* Dataset extract *
============
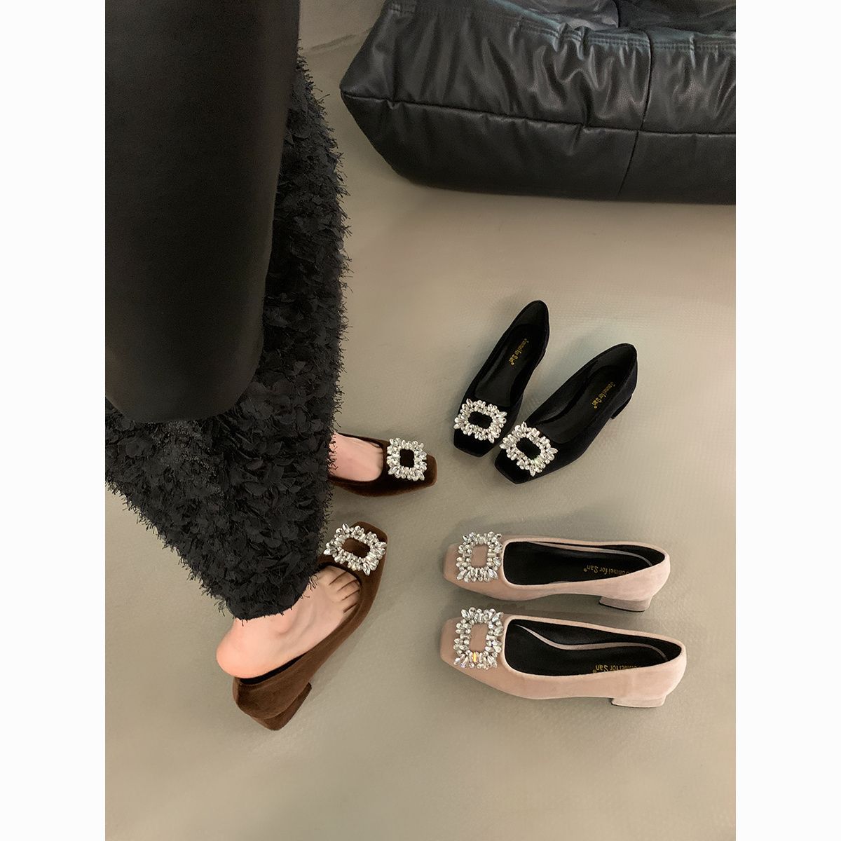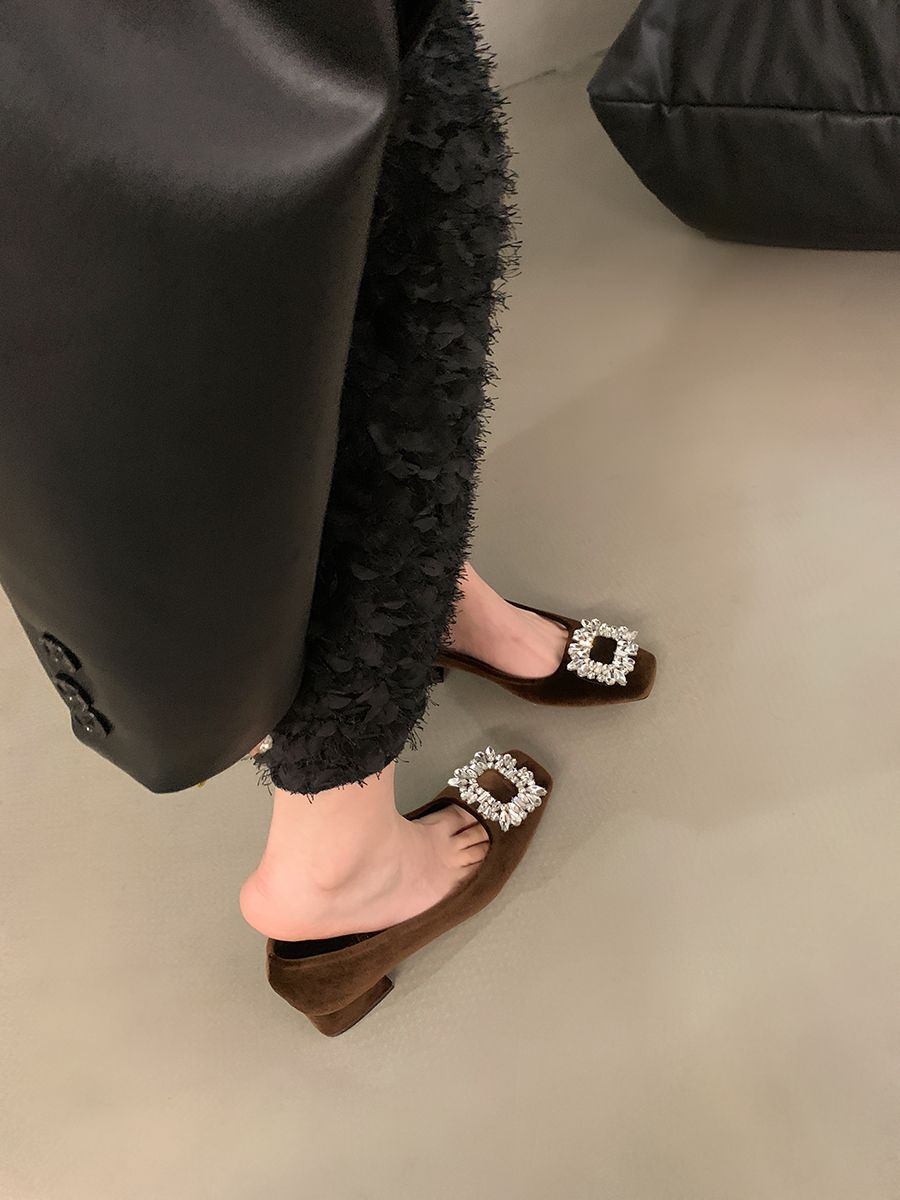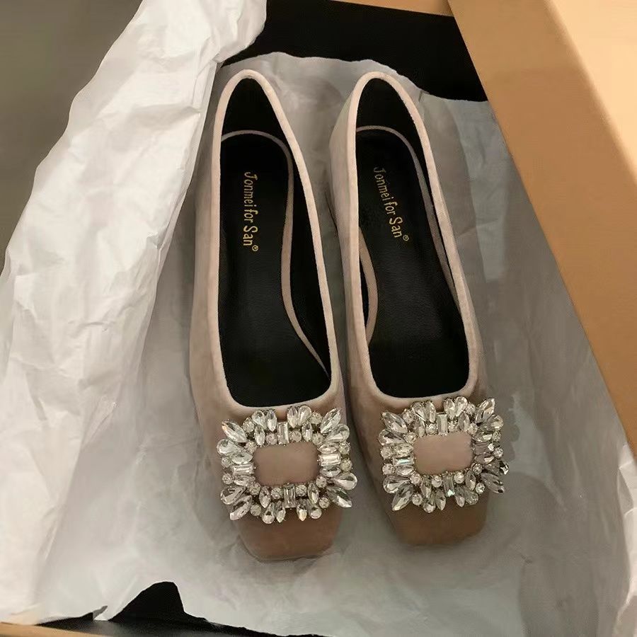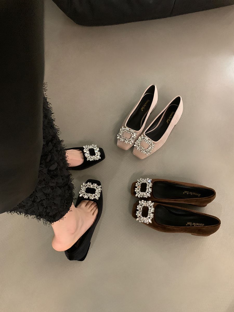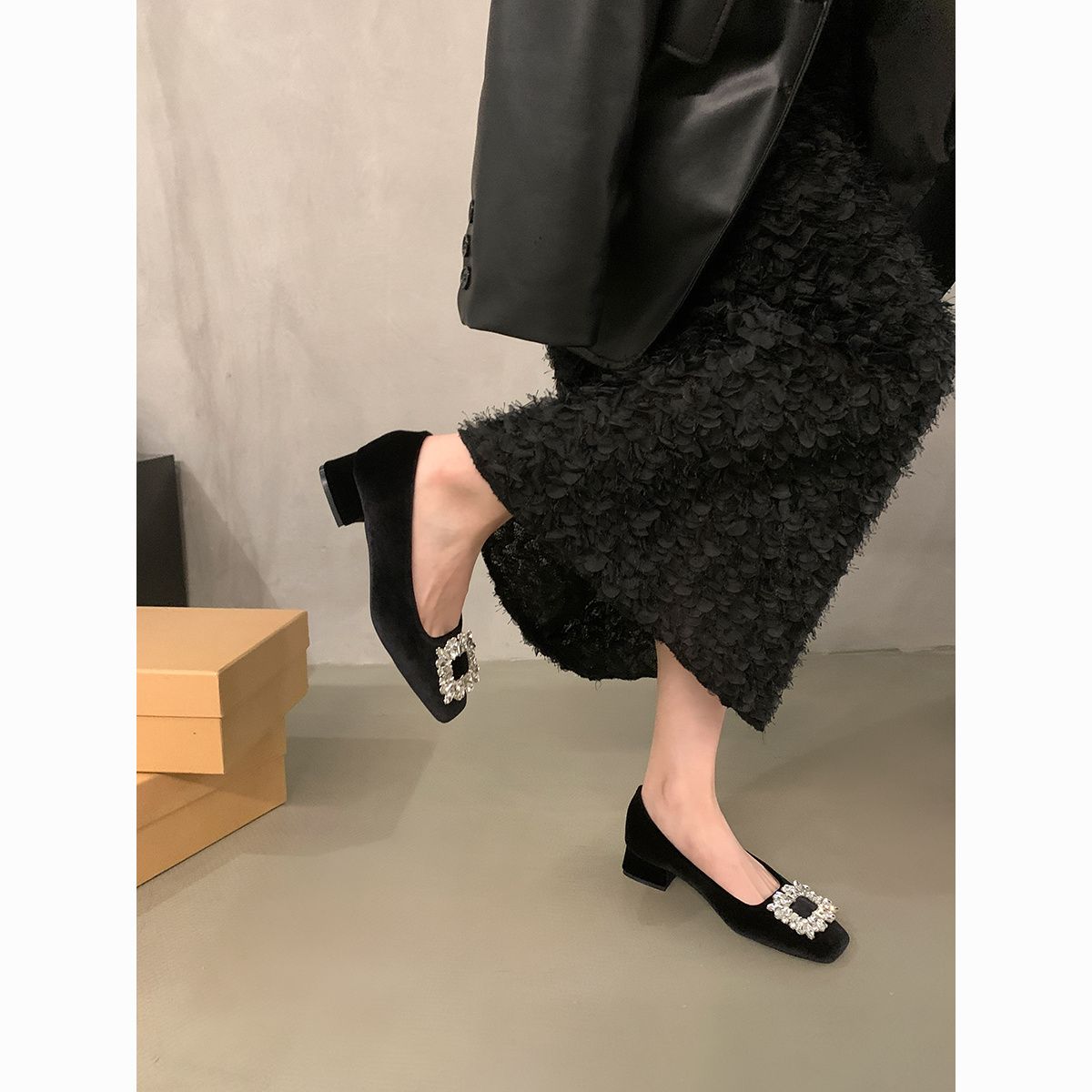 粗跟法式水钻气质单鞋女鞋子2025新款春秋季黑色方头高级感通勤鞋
============
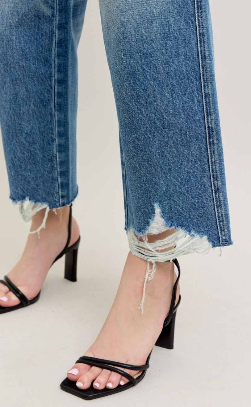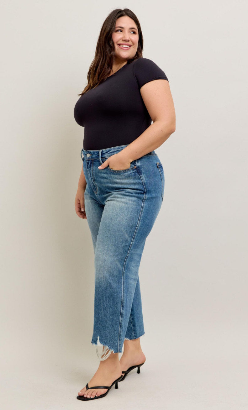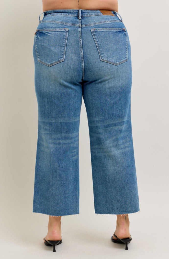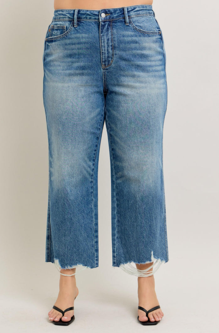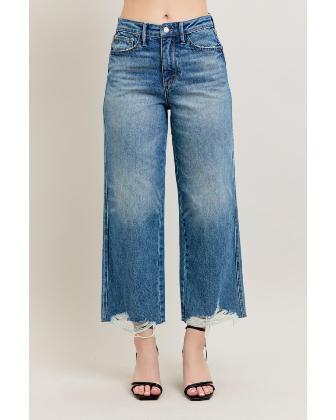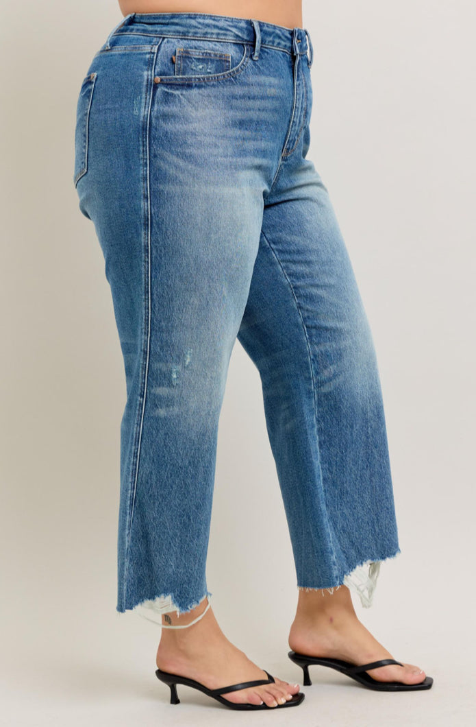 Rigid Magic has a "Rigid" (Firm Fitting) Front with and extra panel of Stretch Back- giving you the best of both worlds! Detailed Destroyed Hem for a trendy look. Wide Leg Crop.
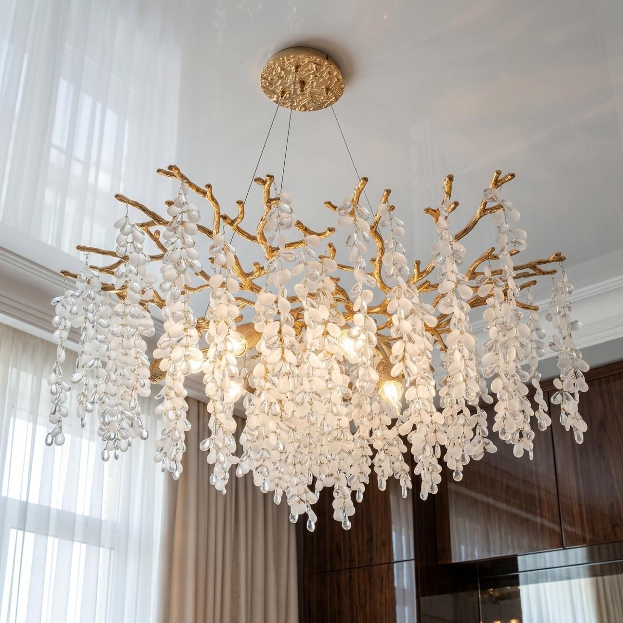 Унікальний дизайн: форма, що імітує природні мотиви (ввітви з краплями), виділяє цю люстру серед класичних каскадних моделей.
============
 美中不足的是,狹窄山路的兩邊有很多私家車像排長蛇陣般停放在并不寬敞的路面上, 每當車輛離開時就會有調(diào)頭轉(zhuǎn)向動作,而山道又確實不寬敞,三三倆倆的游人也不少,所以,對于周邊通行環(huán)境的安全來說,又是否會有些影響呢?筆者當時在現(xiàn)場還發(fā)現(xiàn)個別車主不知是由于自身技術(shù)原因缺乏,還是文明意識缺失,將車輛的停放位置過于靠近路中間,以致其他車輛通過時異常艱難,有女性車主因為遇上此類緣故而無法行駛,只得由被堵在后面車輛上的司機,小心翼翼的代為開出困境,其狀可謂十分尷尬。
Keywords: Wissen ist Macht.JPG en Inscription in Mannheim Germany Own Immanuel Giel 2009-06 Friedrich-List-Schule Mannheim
============
Here the job is to copy the stretch of records from the line containing "Rigid Magic has" through the line containing "Унікальний дизайн: форма, що", word for word. Leave every picture out.

* Problem solution *
 Rigid Magic has a "Rigid" (Firm Fitting) Front with and extra panel of Stretch Back- giving you the best of both worlds! Detailed Destroyed Hem for a trendy look. Wide Leg Crop.
 Унікальний дизайн: форма, що імітує природні мотиви (ввітви з краплями), виділяє цю люстру серед класичних каскадних моделей.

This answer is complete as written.